(YOUR INSTRUCTIONS) If a record holds a picture, omit that picture and copy everything else exactly.
[SOURCE INFORMATION Boundary: Start]
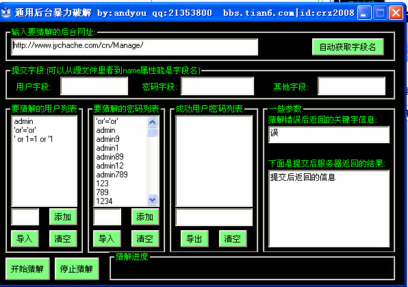 通用網(wǎng)站后臺破解器能暴力破解不同網(wǎng)站后臺,讓你不再為忘記后臺密碼而煩惱!
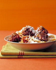 4.Meanwhile, in a large pot of boiling salted water, cook spaghetti according to package direction until al dente. Drain; return to pot. Toss with sauce; serve meatballs on top, sprinkled with more cheese.
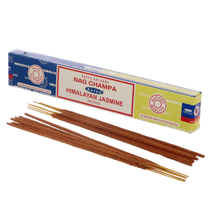 Különleges kiadású füstölő: a klasszikus Satya Nag Champa és a Satya Himalayan Jasmine füstölőkből fele-fele arányban tartalmaz szálakat.
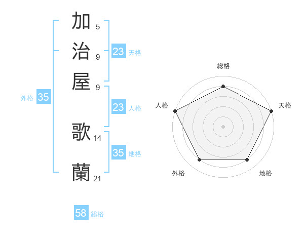 加治屋 歌蘭さんを姓名の画数から五運を鑑定
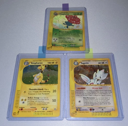 Pokemon AQUAPOLIS - 3 Holo Cards Bundle - H1 Ampharos H27 Togetic H31 Vileplume
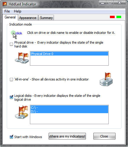 With HddLed Indicator you can select which of the logical disks or hard drives you want to look after. And dynamic tips will get more information about rate and amount of transferred data.
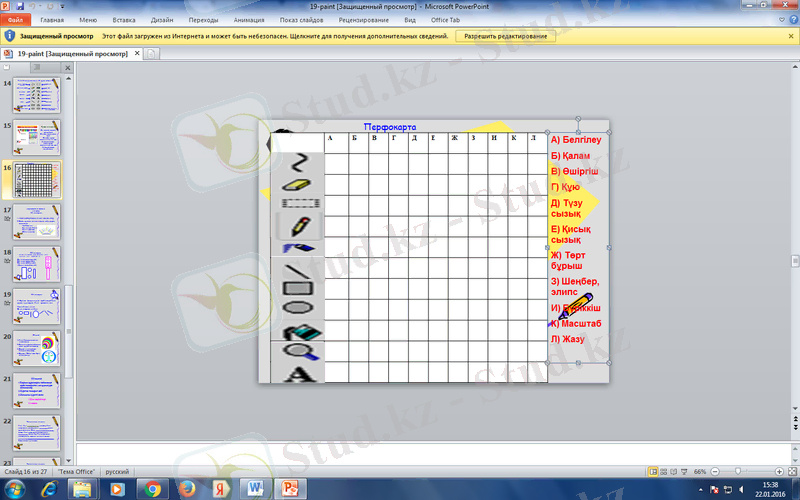 Перфокарта құралдардың аттарын интерактивті тақтада жазу.
[SOURCE INFORMATION Boundary: End]
(EXERCISE ANSWER)
 通用網(wǎng)站后臺破解器能暴力破解不同網(wǎng)站后臺,讓你不再為忘記后臺密碼而煩惱!
 4.Meanwhile, in a large pot of boiling salted water, cook spaghetti according to package direction until al dente. Drain; return to pot. Toss with sauce; serve meatballs on top, sprinkled with more cheese.
 Különleges kiadású füstölő: a klasszikus Satya Nag Champa és a Satya Himalayan Jasmine füstölőkből fele-fele arányban tartalmaz szálakat.
 加治屋 歌蘭さんを姓名の画数から五運を鑑定
 Pokemon AQUAPOLIS - 3 Holo Cards Bundle - H1 Ampharos H27 Togetic H31 Vileplume
 With HddLed Indicator you can select which of the logical disks or hard drives you want to look after. And dynamic tips will get more information about rate and amount of transferred data.
 Перфокарта құралдардың аттарын интерактивті тақтада жазу.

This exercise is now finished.